I felt so much pity for Woody when only one boy chose the "Woody Side" that I actually made a couple of them make the switch without their knowledge (as in "Here, let me fix your cape for you, Buddy!"). How can you watch Toy Story an estimated gazillion times and not have your heart-strings pull for the cowboy?
When I was pregnant with Peter and found out I was having boy #4, people asked me if I was disappointed. Are you kidding me? My internal organs get all soft and sappy when I think of little boys and I could never get enough! I could have just squished all these boys together and made a little pie of cuteness and eaten the whole thing myself. (I don't know exactly what that means, but you get the general gist, right?)
I had been wanting to do a Superman Party, but finally gave in (and you can plainly see how I still stubbornly used some of my super-hero ideas in the planning).
The green grapes were a must on the Pizza Planet menu. Every time we're in the produce section and Peter sees them he yells delightedly, "Look! Buzz Lightyear grapes!"
Just looking at this busty creation makes me feel slightly sick, like a mandatory nap is around the corner. This fellow bordered on confectionary deviance. I was insanely determined to master a 3-D Buzz cake, so I planned out my strategy for days before the party. I ended up using THREE cake mixes, two pans, about six hours of after-hours labor, and absolutely no common sense. When I finally tucked my frosting-covered, obviously stupid self into bed some time after 4 AM, I had to get up again and take about twelve pictures of the cake because I was sure it would somehow be magically destroyed by morning.

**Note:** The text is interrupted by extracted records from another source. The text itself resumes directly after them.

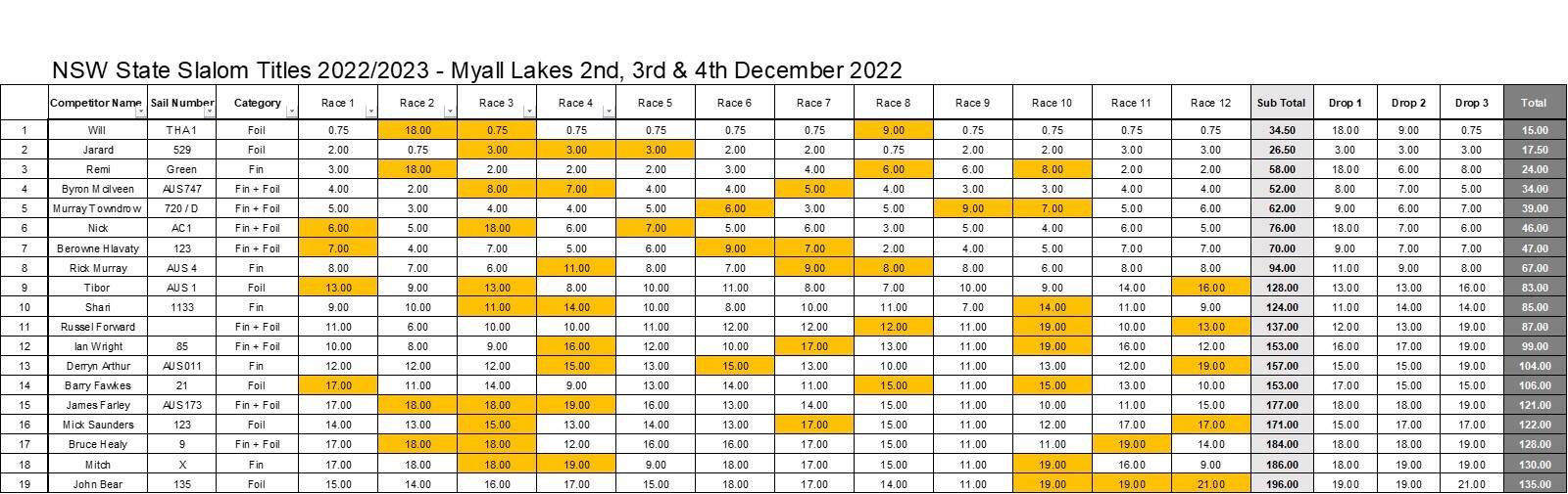 Windsurfing States 2022 Results
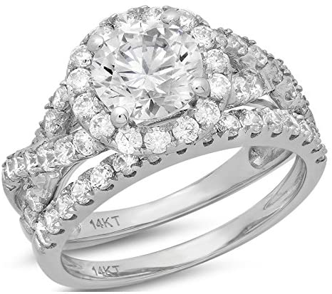2.40ct Round Cut Halo Split Shank Solitaire Accent Lab Created...
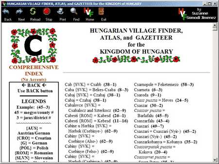 the Hungarian Village Finder, Atlas, and Gazetteer for the Kingdom of
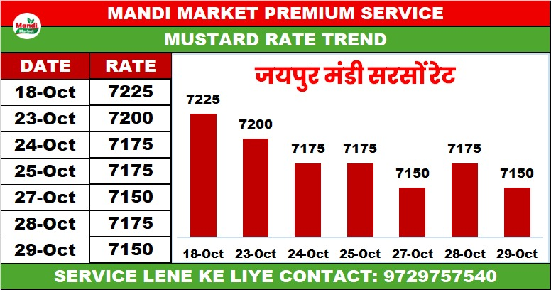 सरसों भाव ₹ 7100 मंदी ₹ 75
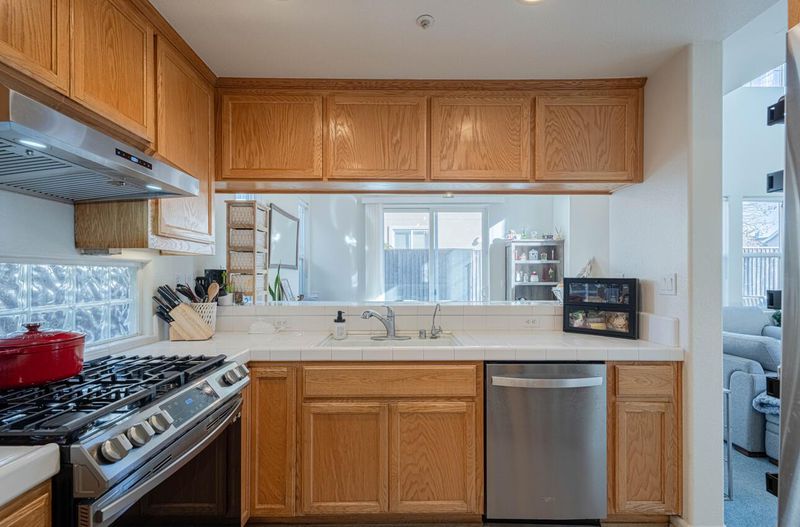 - 220 Volt Outlet, Countertop - Tile, Dishwasher, Garbage Disposal, Hood Over Range, Oven Range - Gas, Refrigerator
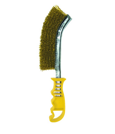 Предназначена для обработки металлических поверхностей (снятие старой краски и ржавчины), удобна при работе в узких местах. Имеет металлическую основу и один ряд проволоки, оснащена эргономичной пластмассовой рукояткой.
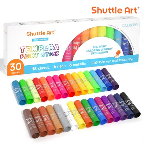 Shuttle Art Tempera Paint Sticks - 30 Solid Colours - Quick Drying - Works Great on Paper, Wood, Glass, Ceramic, Canvas
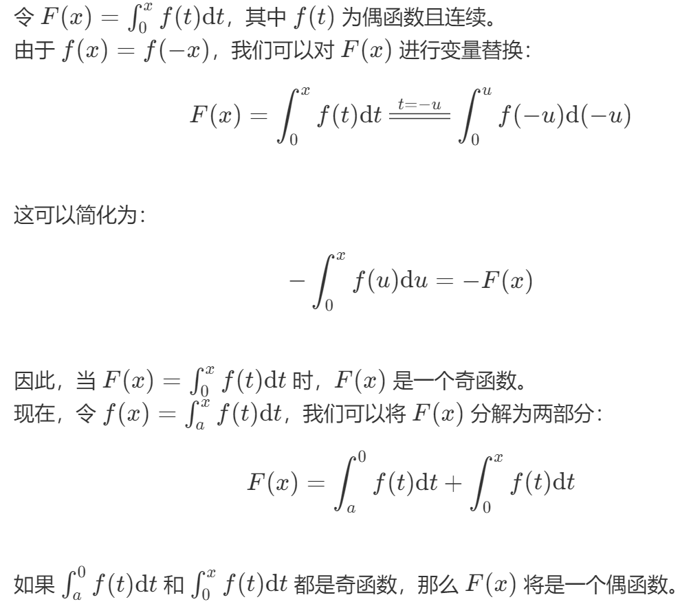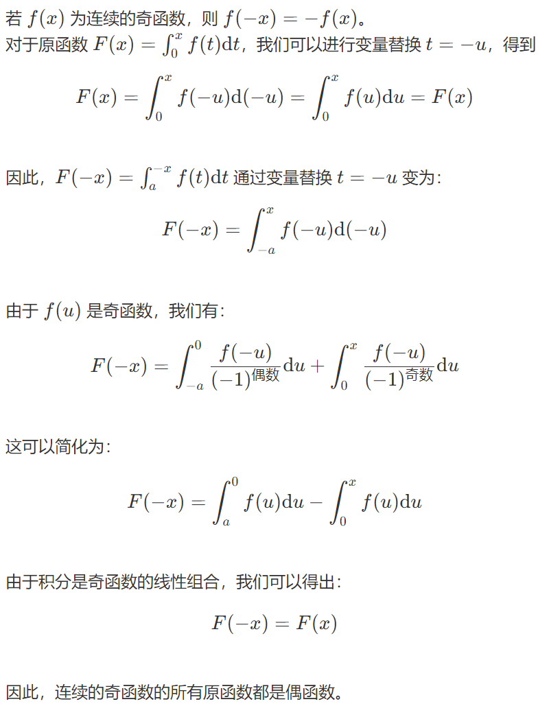 (2)连续的偶函数的原函数有且仅有一个原函数是奇函数。
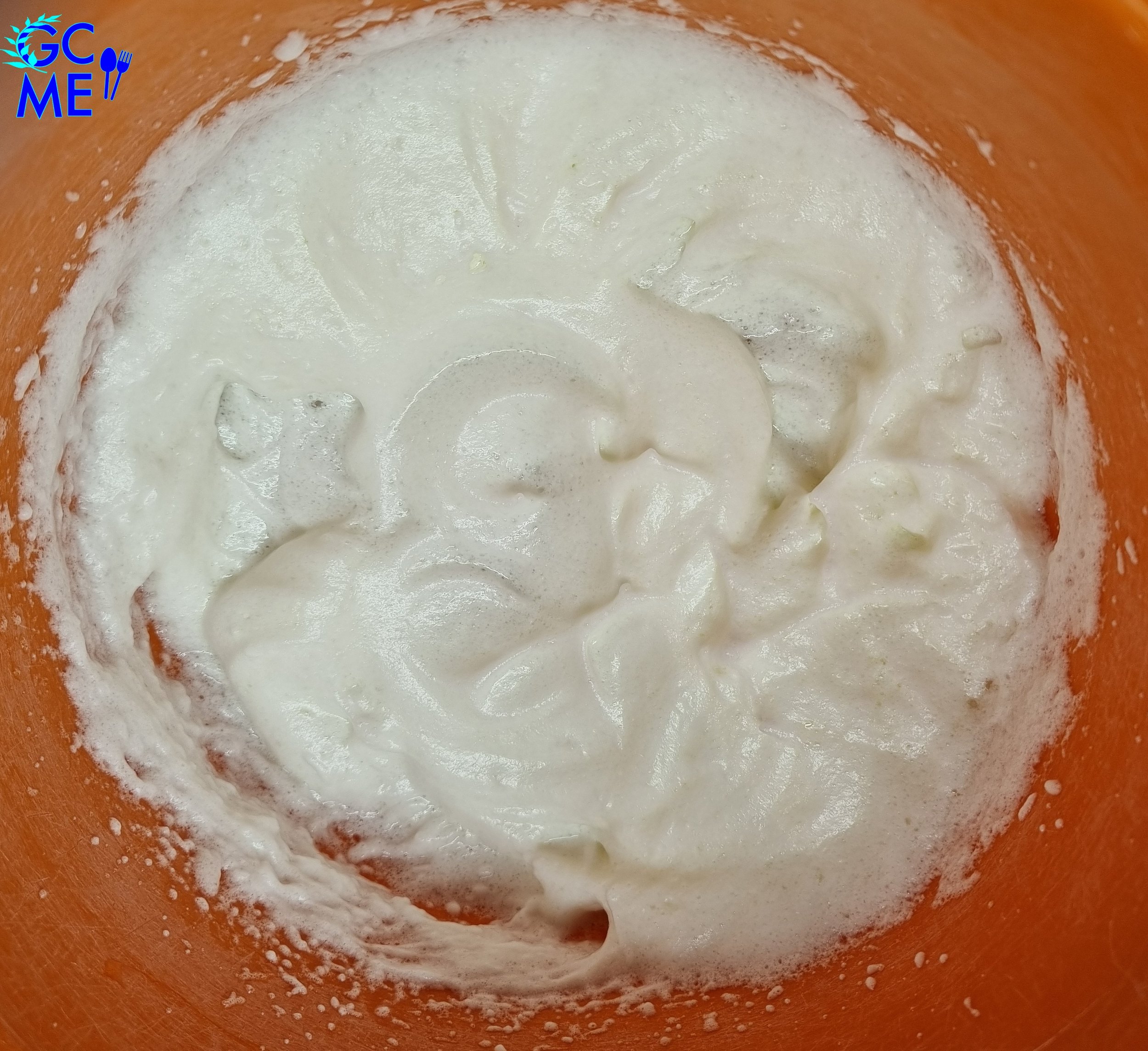 14. With your hand mixer, whisk the egg whites for a few min., until they become white, frothy and the mixer makes soft peaks on top.

When we were chowing down on the cake, Caleb looked at me between sweet mouthfuls and said wryly, "Well, it looks like this is the last party this Buzz is going to!"
No, you di-unt. Yes. We did. We just used a butter-knife as a party guillotine and lopped the poor guy's cranium clean off. It was too funny to watch Peter's expression as we served it up on a platter (I will refrain from making any inappropriate Biblical allusions here. Sorry, Mr Baptist, for even thinking of it.)